De la mano de Anthony Burgess
La naranja mecánica fue inmortalizada por el cine, cosa que el autor
británico Anthony Burgess, quien la escribió, tomaba con sentimientos
encontrados. Por un lado significó un despegue económico sin precedente en su
carrera; por el otro, y lo diría con dejo de tristeza, lo suplantó como
creador, dejando el mérito del tema y su incuestionable controversia, muy
adecuada al período, en manos del cineasta Kubrick, que sin necesidad de
repetirlo, hizo, a su manera, otra obra de arte tan válida como la original. Ni
mejor, ni peor.
Muchas veces la
premura por publicar, o por no perder un contrato de edición, hace que el
escritor ceda en asuntos esenciales, como estructura de texto, personajes, etc.

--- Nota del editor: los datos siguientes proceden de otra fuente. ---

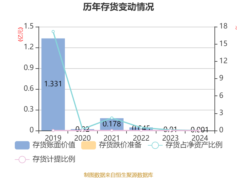 从存货变动来看,截至2024年末,公司存货账面价值为13.8万元,占净资产的0.01%,较上年末减少81.97万元。公司本期没有计提存货跌价准备。

Le sucedió a Burgess con esta novela, que para su edición norteamericana fue
reducida a veinte capítulos, desechando uno. Stanley Kubrick se basó en esa
versión para el filme y la razón está en la diferencia que en la edición
inglesa original el último capítulo sugiere a un personaje redimido, que reflexiona,
madura y abandona por voluntad propia sus para el resto nefastas actividades.
En el incario, el Estado obligaba a sus habitantes a contraer matrimonio, para incluirlos
en una maquinaria que debía funcionar. La idea es similar, la de un momento en
donde el frenesí juvenil, singularmente violento en este caso, da paso al
tiempo inexorable y sus condicionamientos, que si bien tornan una existencia en
aburrida, permite al otrora rebelde y pecador sobrevivir, mientras sobreviven
sus congéneres. Ello desmitificaría el ambiente abrupto, jocosamente extremo, casi
horroso, de las páginas de La naranja
mecánica, quitándole atractivo. Un personaje redimido no vende tanto como
uno recalcitrante y reincidente. En Kubrick, la historia de Alex, la forma en
que la termina en la cinta, deja en evidencia el retorno del pandillero a las
andadas. Luego de una traumática “cura”, de la que sale impedido incluso de
escuchar la Novena de su amado “Ludwig van”, se lo muestra mirando de reojo,
con sonrisa cómplice, extasiado por los timbales de Beethoven. Ha vuelto a ser.
Burgess se cuestionaba
qué era mejor para una sociedad. Someter a los ciudadanos a un lavado de
cerebro, consciente y generalizado, llevaría al individuo a comportarse entre
el colectivo según las reglas, mecanizando un sistema que reduciría el crimen,
la conducta antisocial, pero que también arriesgaría su poética, el libre
albedrío, que, querrámoslo o no, va a tener aristas como las de Alex y su gang.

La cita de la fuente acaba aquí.